Dating apps and websites are evolving to include new features and interfaces, but for many Indian online daters, the information found on a dating profile is not enough. Indians tend to do a little extra online research on their online dates, new research from NortonLifeLock has found. According to the report, almost a third of Indian online daters surveyed (29%) were not matched with a potential partner after finding disturbing posts on social media, while others were not matched. matched after discovering photos online that conflict with their dating profile pictures (34%) and some even unmatched after finding disturbing information about their family (22%).
The most common tactics for checking out a potential date include researching their social media profiles (60%), profiles on professional networking sites (43%), and social media profiles of friends and family (40 %). If that sounds intrusive, think of matches that are subject to background checks unknowingly, nearly 19% of Indians surveyed who use or have ever used a dating app or website admit to “paying for a background check. their correspondence.
“We found that 73% of Indian adults surveyed who have been in a romantic relationship admit to having contacted their current or former partner without their knowledge or consent/permission. Almost a third of Indian adults who have ever used a website or dating app 34% have used something other than their full name on the platform It is important to be careful when sharing your personal information on dating apps as it can making consumers vulnerable if personal information falls into the wrong hands,” said Ritesh Chopra, Field Sales and Marketing Manager, India and SAARC Countries, NortonLifeLock.

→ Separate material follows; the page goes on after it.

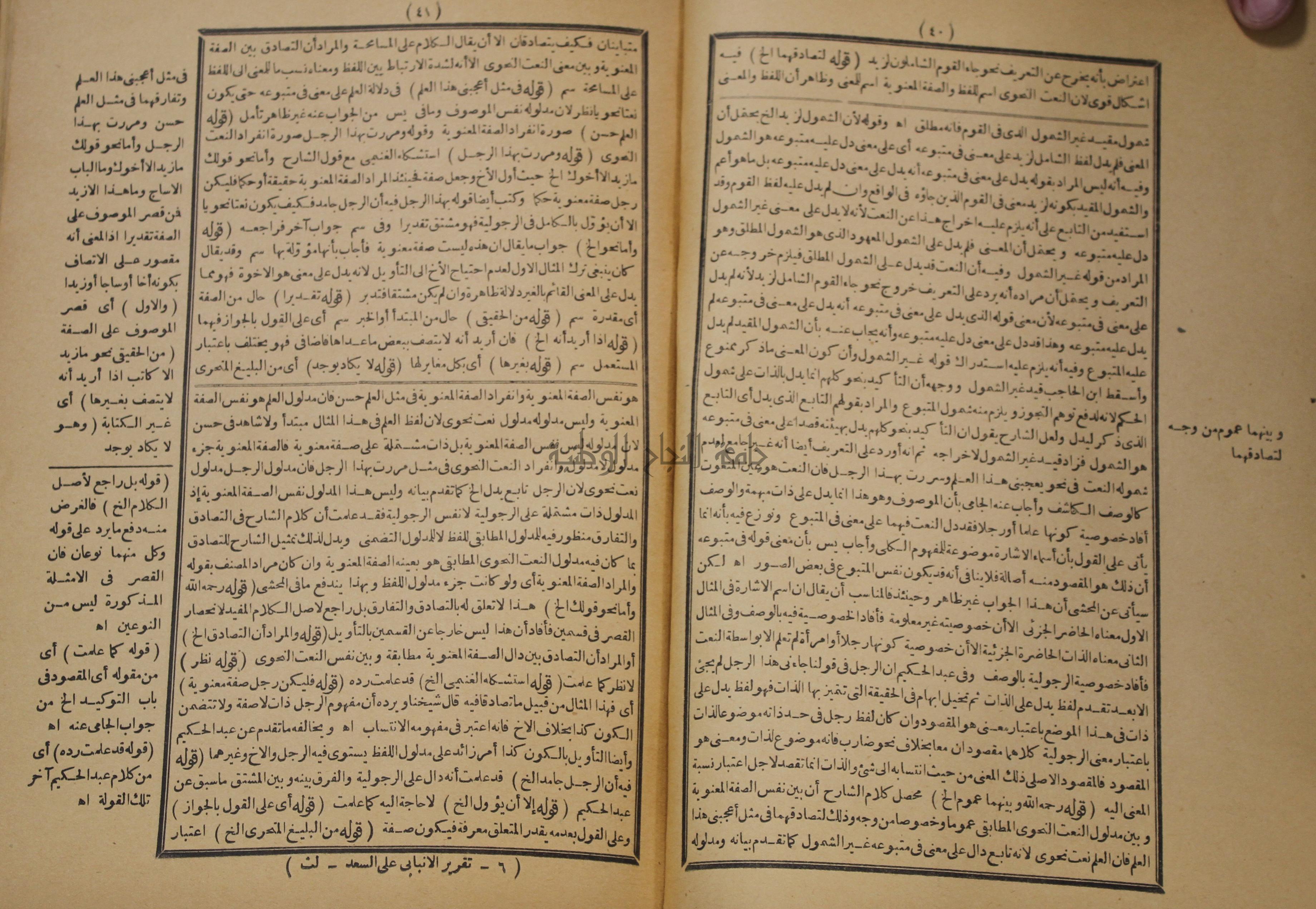 تقرير الشمس الانبابي على شرح سعد الدين التغتازاني لتلخيص المفتاح وحاشيته الشهيرة بالتجريد في

Furthermore, Indian adults surveyed admitted that they had even viewed a romantic interest’s music account (27%) and even used information accessible through payment apps such as PayPal, Google Pay, Amazon Pay, PayTM, to verify someone else’s account. public activity (21 percent).
Around 2 in 5 Indians surveyed say they have accidentally ‘liked’ an old post or photo on a social media profile, either from a romantic interest or their partner’s ex-partner. Of those who admitted to being stalked online, around a quarter of respondents admitted to tracking their current or former partner’s location via a location-sharing app or creating a fake profile to monitor them on social media.
Meanwhile, 49% of younger generations aged 18-39 said they would be more likely to stalk a current or former partner online if they knew they wouldn’t get caught, compared to 42% of people aged 40 and over. Interestingly, only 30% of Indians shared their location with a friend or family member before meeting someone they met online in person.